The advent of Fathers 4 Justice in 2003 brought the cause into the mainstream media for the first time, and new legislation was brought in the United Kingdom as a result in 2005. Another leading group, Families Need Fathers, is recognised as source of help by The Department of Constitutional Affairs, and regularly provides evidence to parliamentary sub-committees, resulting on one senior Family Court judge indicating that it was a key player in the debate about on-going contact and joint residence.

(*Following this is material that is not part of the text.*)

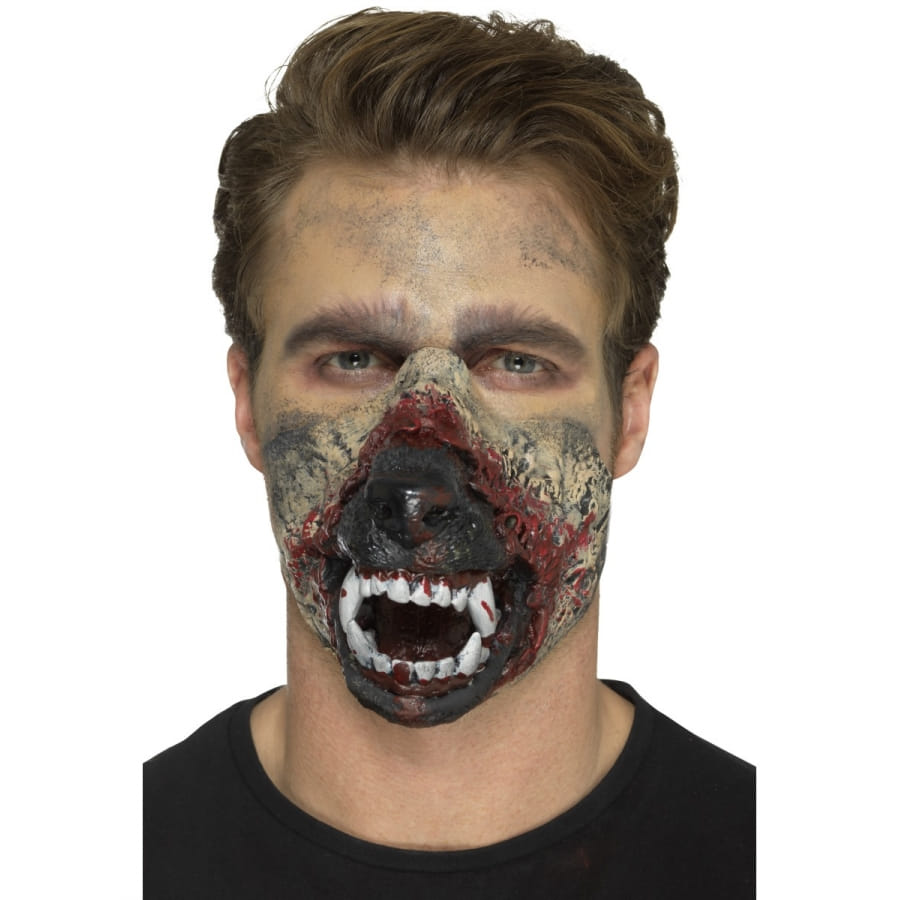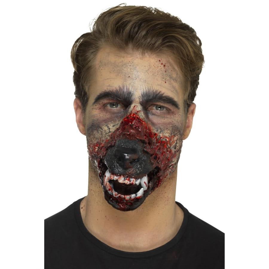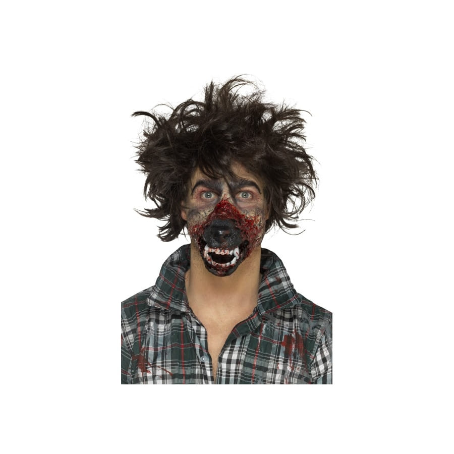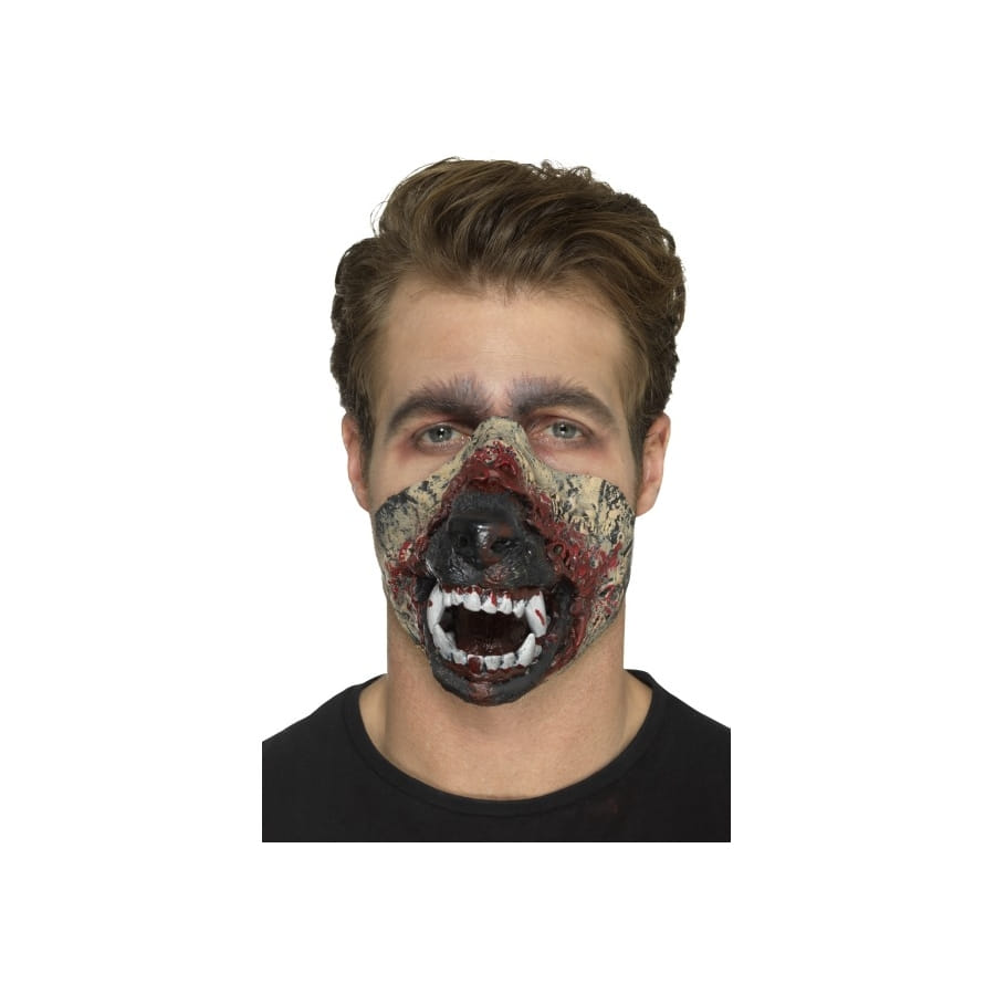 Une transformation se doit d'être complète pour halloween. Dans ce cas, si vous souhaitez vous déguiser en loup garou, ne faites pas les choses à moitié. Nous vous proposons la prothèse bouche de loup garou en mousse de latex qui se rattache au visage grâce à un système d'adhésif inclus. Cette gueule de couleur marron se trouve pourvu de crocs blancs et pointus. Sous cette cosmétique unisexe en mousse de latex, vous serez méconnaissable !

Activists within the movement seek to restructure family law, arguing that children benefit from being raised by both parents, and that children should thus be allowed to interact with both parents on a regular basis as of right. The family justice system in England and Wales, according to a committee of Members of Parliament on 2 March 2005, gives separated and divorced fathers a raw deal and does not give enough consideration to preserving the relationship between the father and the child.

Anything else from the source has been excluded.